Go through the listing below and retype exactly the lines starting at the one with "پاکستانی عوام پاک" and ending at the one with "木製のカッティングボードに載せた美味しそうなサラミのスライス", skipping pictures.

=== Exercise data ===

-*-*-

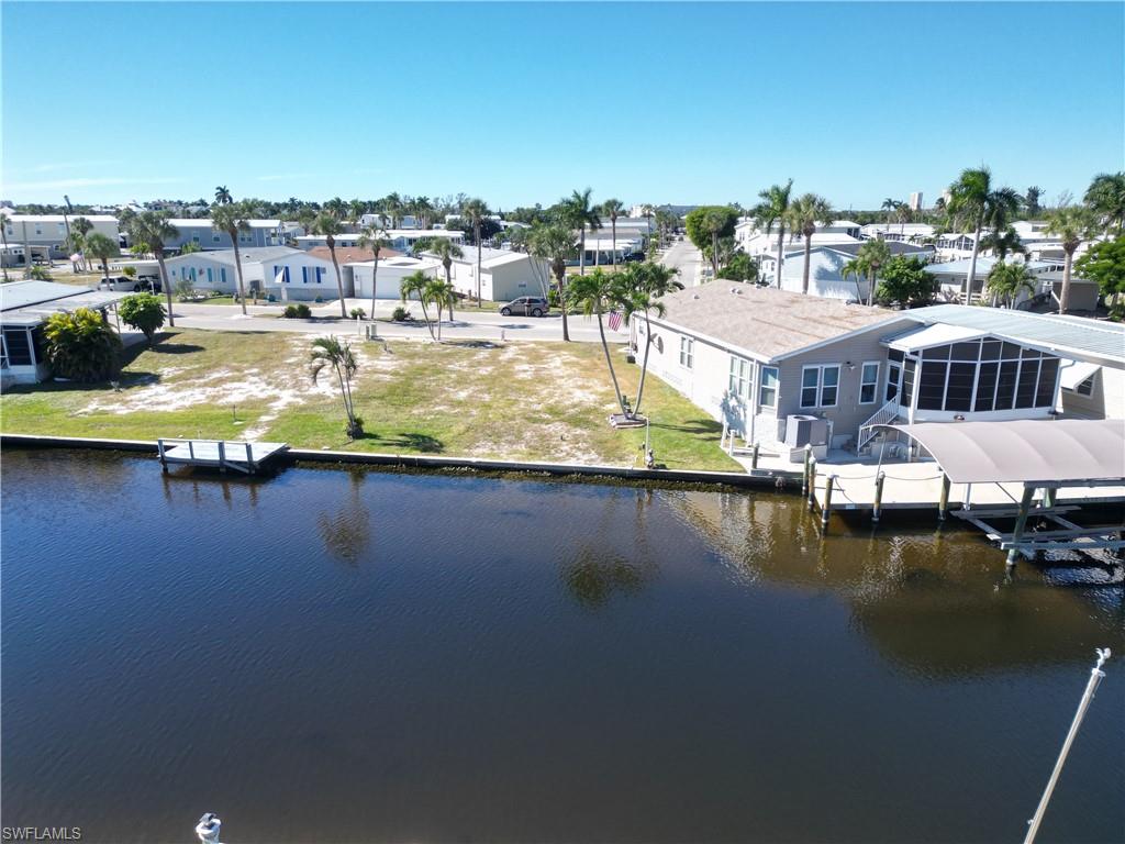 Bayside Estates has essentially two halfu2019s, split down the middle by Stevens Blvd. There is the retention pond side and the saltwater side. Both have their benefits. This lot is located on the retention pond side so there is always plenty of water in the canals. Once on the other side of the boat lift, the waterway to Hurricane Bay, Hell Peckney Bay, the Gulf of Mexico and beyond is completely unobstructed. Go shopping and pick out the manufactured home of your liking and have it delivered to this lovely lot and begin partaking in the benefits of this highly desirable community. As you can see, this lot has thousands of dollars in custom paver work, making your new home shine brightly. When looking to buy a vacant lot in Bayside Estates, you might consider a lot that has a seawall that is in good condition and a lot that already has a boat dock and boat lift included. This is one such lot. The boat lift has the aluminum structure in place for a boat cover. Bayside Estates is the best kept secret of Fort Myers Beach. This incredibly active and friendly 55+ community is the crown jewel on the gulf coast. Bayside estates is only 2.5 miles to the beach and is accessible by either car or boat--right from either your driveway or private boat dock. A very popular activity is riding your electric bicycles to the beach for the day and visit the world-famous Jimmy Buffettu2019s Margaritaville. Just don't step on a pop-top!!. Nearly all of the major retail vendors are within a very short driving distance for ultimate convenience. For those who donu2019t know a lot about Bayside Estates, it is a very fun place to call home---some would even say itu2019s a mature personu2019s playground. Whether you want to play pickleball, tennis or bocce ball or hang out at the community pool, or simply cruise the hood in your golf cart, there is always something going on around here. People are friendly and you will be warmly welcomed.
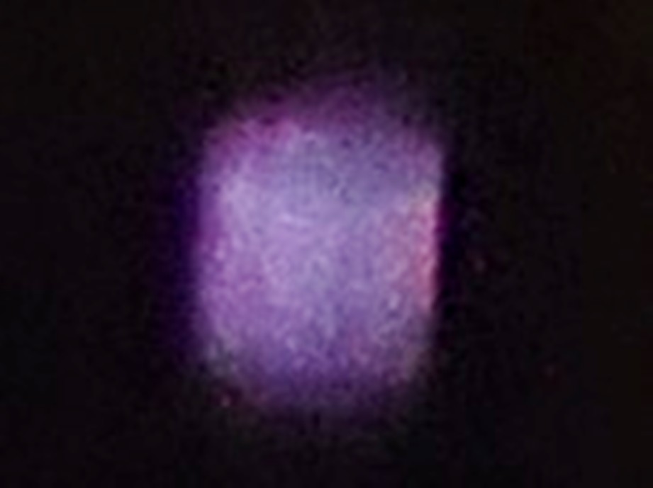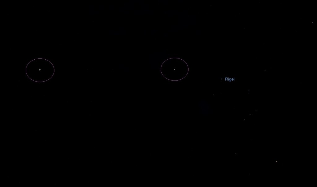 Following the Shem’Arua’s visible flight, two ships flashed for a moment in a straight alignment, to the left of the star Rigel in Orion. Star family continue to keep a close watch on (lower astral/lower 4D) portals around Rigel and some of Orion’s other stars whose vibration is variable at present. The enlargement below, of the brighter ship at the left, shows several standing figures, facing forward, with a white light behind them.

-*-*-

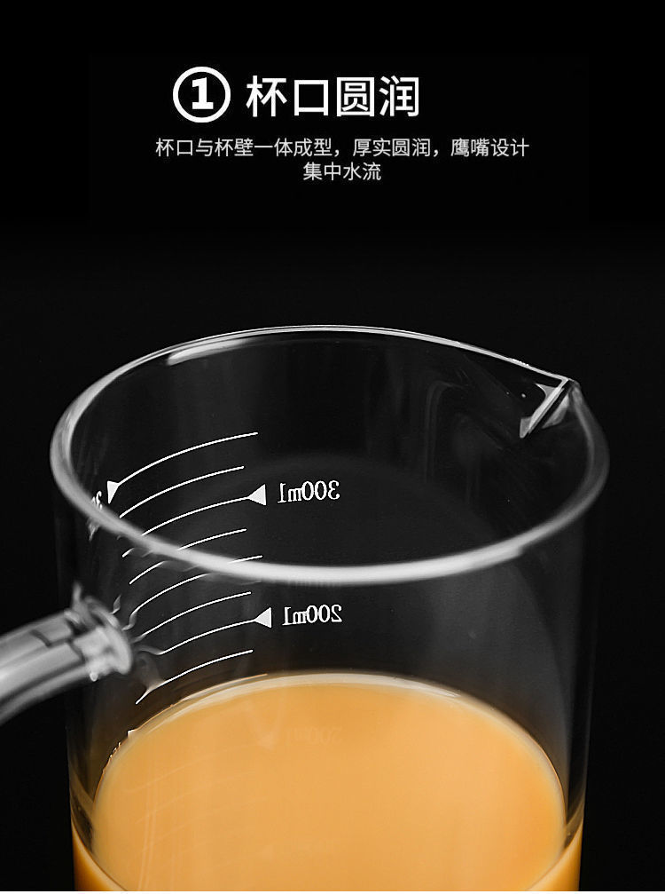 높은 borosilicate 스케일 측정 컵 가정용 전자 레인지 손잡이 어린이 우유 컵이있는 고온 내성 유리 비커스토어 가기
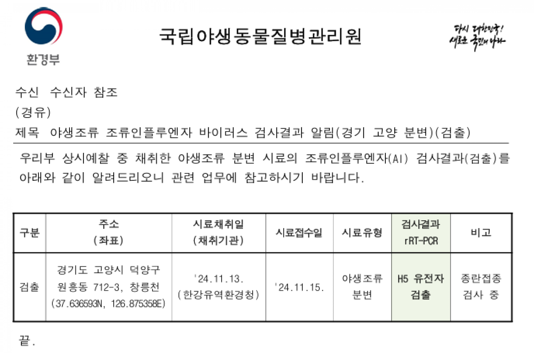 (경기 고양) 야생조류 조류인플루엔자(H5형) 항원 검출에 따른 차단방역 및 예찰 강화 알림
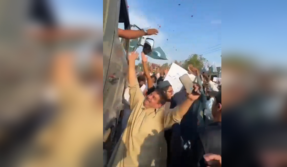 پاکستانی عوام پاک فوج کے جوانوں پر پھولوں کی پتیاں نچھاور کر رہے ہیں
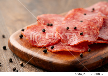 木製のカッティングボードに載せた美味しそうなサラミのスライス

-*-*-

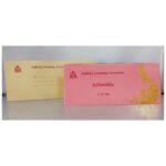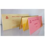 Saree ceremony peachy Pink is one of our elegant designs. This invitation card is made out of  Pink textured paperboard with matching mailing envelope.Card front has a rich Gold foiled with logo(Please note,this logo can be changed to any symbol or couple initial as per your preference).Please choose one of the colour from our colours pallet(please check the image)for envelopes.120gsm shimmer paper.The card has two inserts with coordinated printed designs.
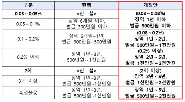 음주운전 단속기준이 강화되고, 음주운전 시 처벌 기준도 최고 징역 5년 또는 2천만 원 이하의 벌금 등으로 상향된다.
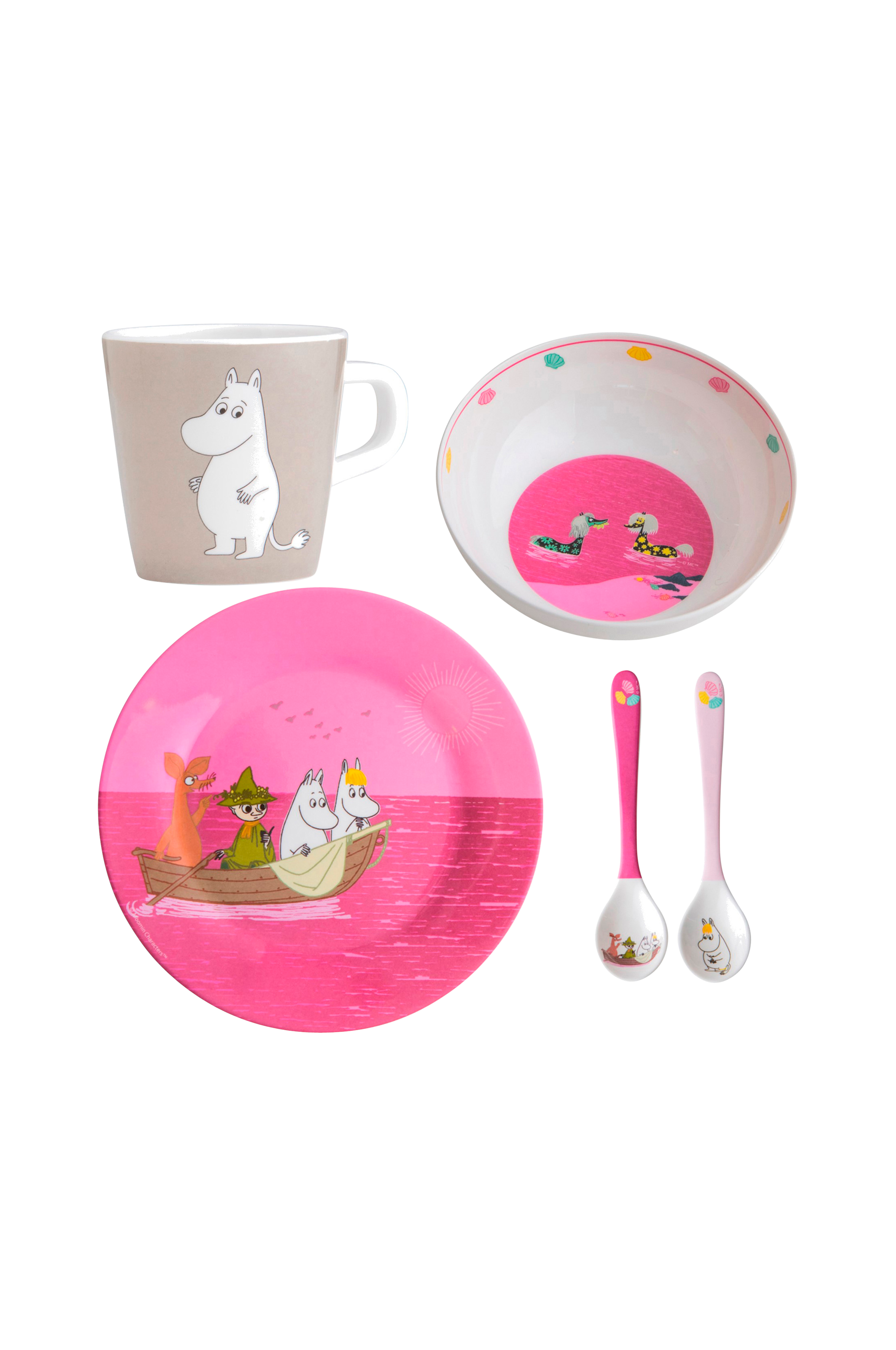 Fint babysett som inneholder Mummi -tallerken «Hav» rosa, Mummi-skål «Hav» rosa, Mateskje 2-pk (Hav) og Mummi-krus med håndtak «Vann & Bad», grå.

-*-*-

=== Solution ===
 پاکستانی عوام پاک فوج کے جوانوں پر پھولوں کی پتیاں نچھاور کر رہے ہیں
 木製のカッティングボードに載せた美味しそうなサラミのスライス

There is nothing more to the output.